── Records for processing ──

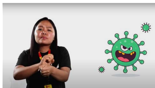
Snapshot from a video about COVID-19 made by a CBM partner in India.
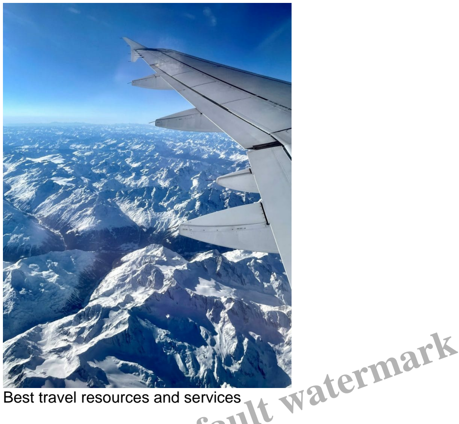
Best travel resources and services

There are many sites out there to shop for all elements of travel, including travel gear and clothing. It can become overwhelming for many with so many options. Though we are very budget-conscious, we are not the kind of travelers who will fly in a middle seat, sleep in a sketchy hotel, stay in hostels, or are willing to stand in long lines to save a few dollars. The vendors we use must have great ratings, advocate for their customers at times, and provide a quality product they stand by. We are not expecting perfection but a voice when things go sideways. That is why we are big believers in brand loyalty and wrote an article about it. Check it out here.
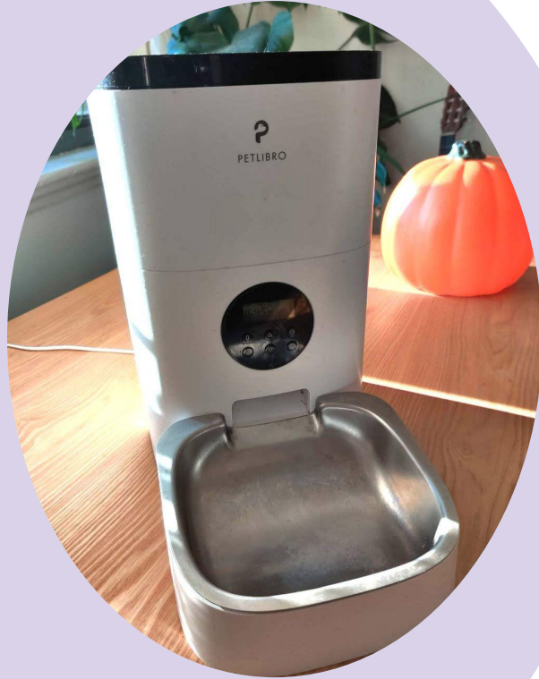
Automatic Pet Feeder
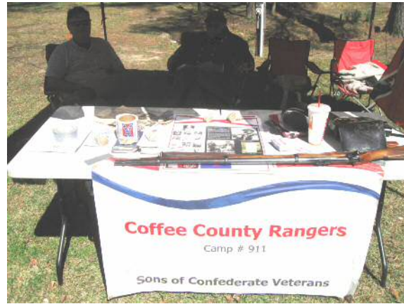
Camp 911 Tent

The crowd enjoyed a day of good food, fellowship, and live music. Clanton's Battery presented "Rolling Thunder," and attendees had an opportunity to fire a cannon or a rifle. The raising of the flag and dedication of the Confederate monument were moving tributes to our ancestors.
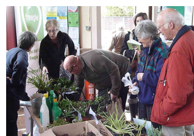
Bolton Launch Event

The project has received press coverage in local papers and two articles have been published nationally. As a result, Freegled seeds have been posted across the country and indeed to Canada and Australia as well.
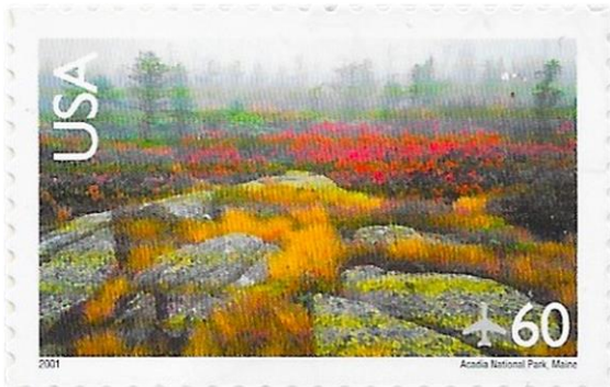
Scott #C138 (Acadia National Park)

From mighty canyons and snow-capped volcanoes to redwood forests and salt-sprayed beaches, we celebrate our sixty-three National Parks during the month of August.

───

Take the lines above from the top of the records through the one with "Best travel resources and services" and repeat them exactly, without any pictures.

Solved problem
Snapshot from a video about COVID-19 made by a CBM partner in India.
Best travel resources and services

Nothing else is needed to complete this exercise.